Top of Material for the task

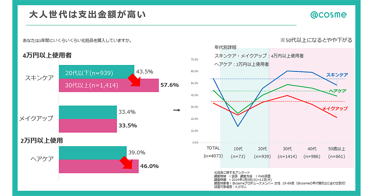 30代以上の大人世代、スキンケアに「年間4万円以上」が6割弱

Bottom of Material for the task
Top of Material for the task

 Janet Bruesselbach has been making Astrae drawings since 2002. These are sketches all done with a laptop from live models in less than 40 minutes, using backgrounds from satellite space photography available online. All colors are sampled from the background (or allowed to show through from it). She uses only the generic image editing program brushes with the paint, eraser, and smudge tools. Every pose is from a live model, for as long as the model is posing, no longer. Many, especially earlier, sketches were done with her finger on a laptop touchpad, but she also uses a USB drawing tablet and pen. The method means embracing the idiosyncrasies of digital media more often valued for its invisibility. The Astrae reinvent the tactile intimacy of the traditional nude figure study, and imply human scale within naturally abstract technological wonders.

Bottom of Material for the task
Top of Material for the task

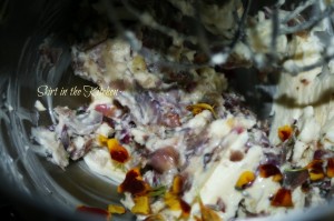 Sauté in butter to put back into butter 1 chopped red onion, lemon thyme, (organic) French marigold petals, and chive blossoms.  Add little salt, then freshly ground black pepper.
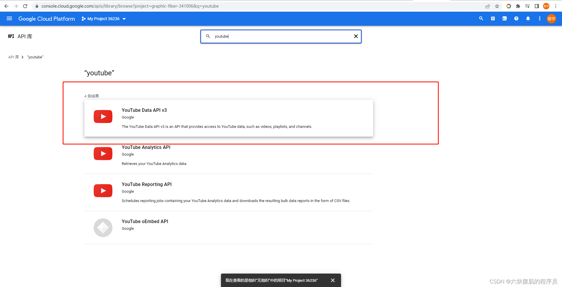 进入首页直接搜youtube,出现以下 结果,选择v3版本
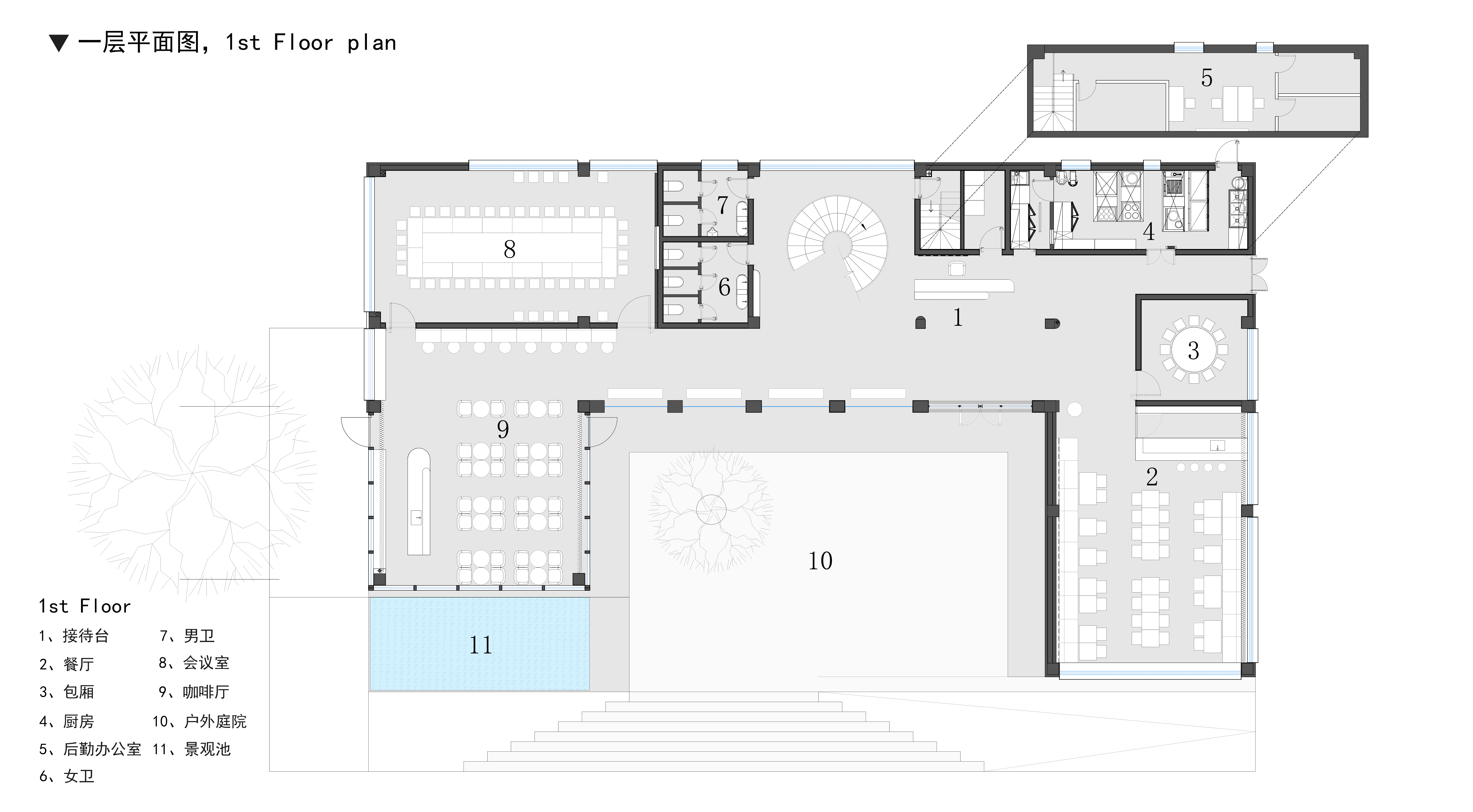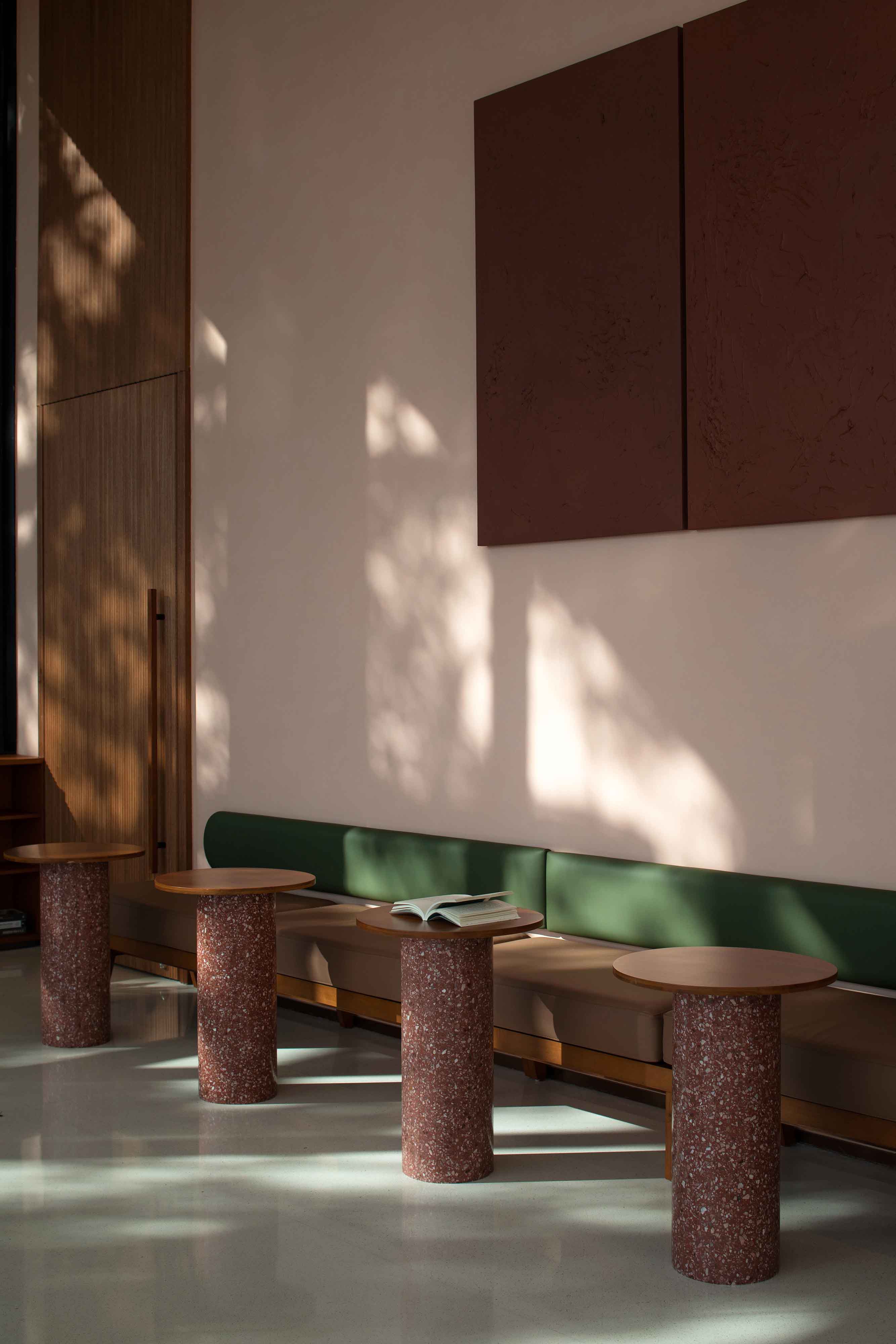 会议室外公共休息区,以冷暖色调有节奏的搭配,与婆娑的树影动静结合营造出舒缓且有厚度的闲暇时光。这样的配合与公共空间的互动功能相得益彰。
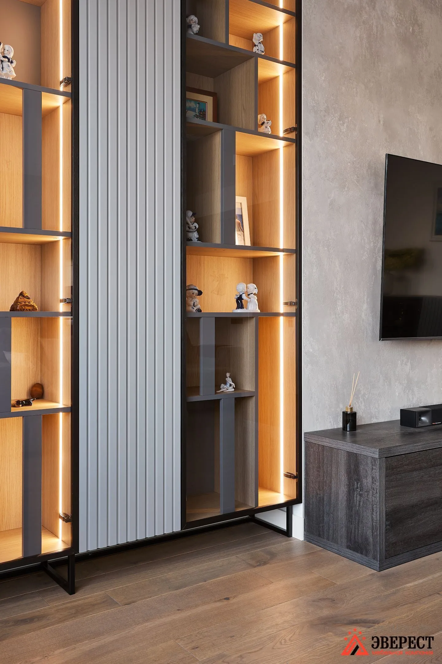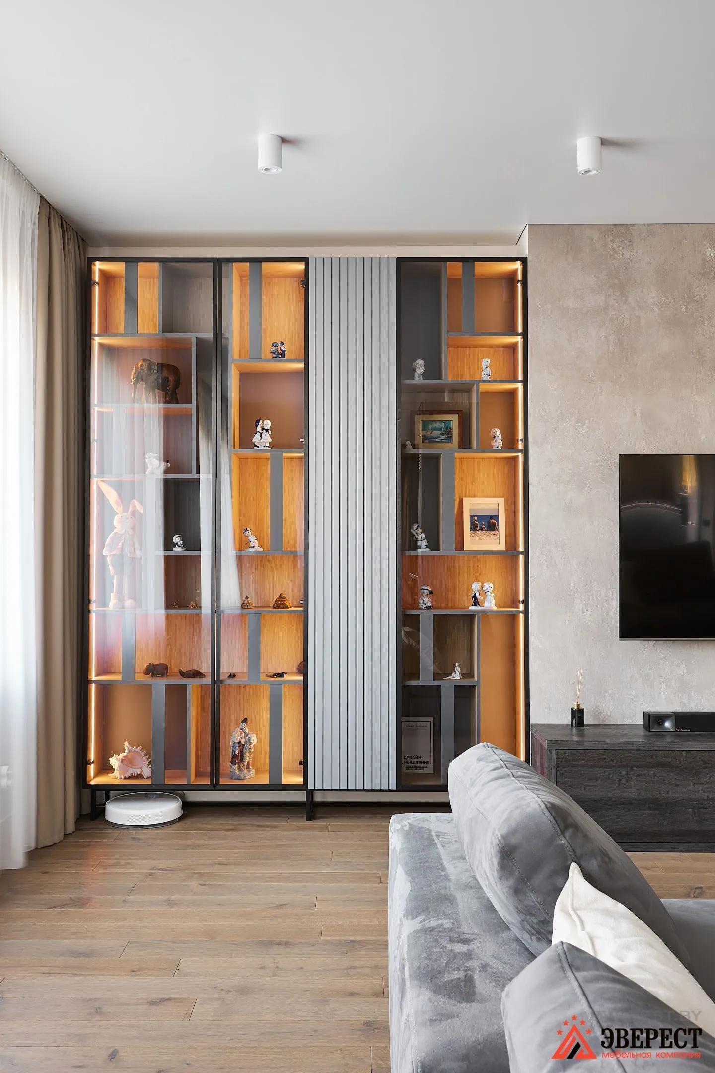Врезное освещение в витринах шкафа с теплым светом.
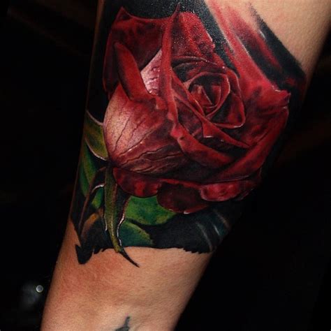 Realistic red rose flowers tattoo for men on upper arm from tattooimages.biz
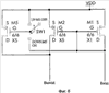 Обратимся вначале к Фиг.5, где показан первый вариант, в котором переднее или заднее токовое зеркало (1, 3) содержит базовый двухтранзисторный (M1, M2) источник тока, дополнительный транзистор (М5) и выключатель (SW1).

Bottom of Material for the task

> What to work on: From the listing above, restate verbatim the lines running from the one with "Realistic red rose" through the one with "Обратимся вначале к", inclusive, but not the pictures.

> Task response:
 Realistic red rose flowers tattoo for men on upper arm from tattooimages.biz
 Обратимся вначале к Фиг.5, где показан первый вариант, в котором переднее или заднее токовое зеркало (1, 3) содержит базовый двухтранзисторный (M1, M2) источник тока, дополнительный транзистор (М5) и выключатель (SW1).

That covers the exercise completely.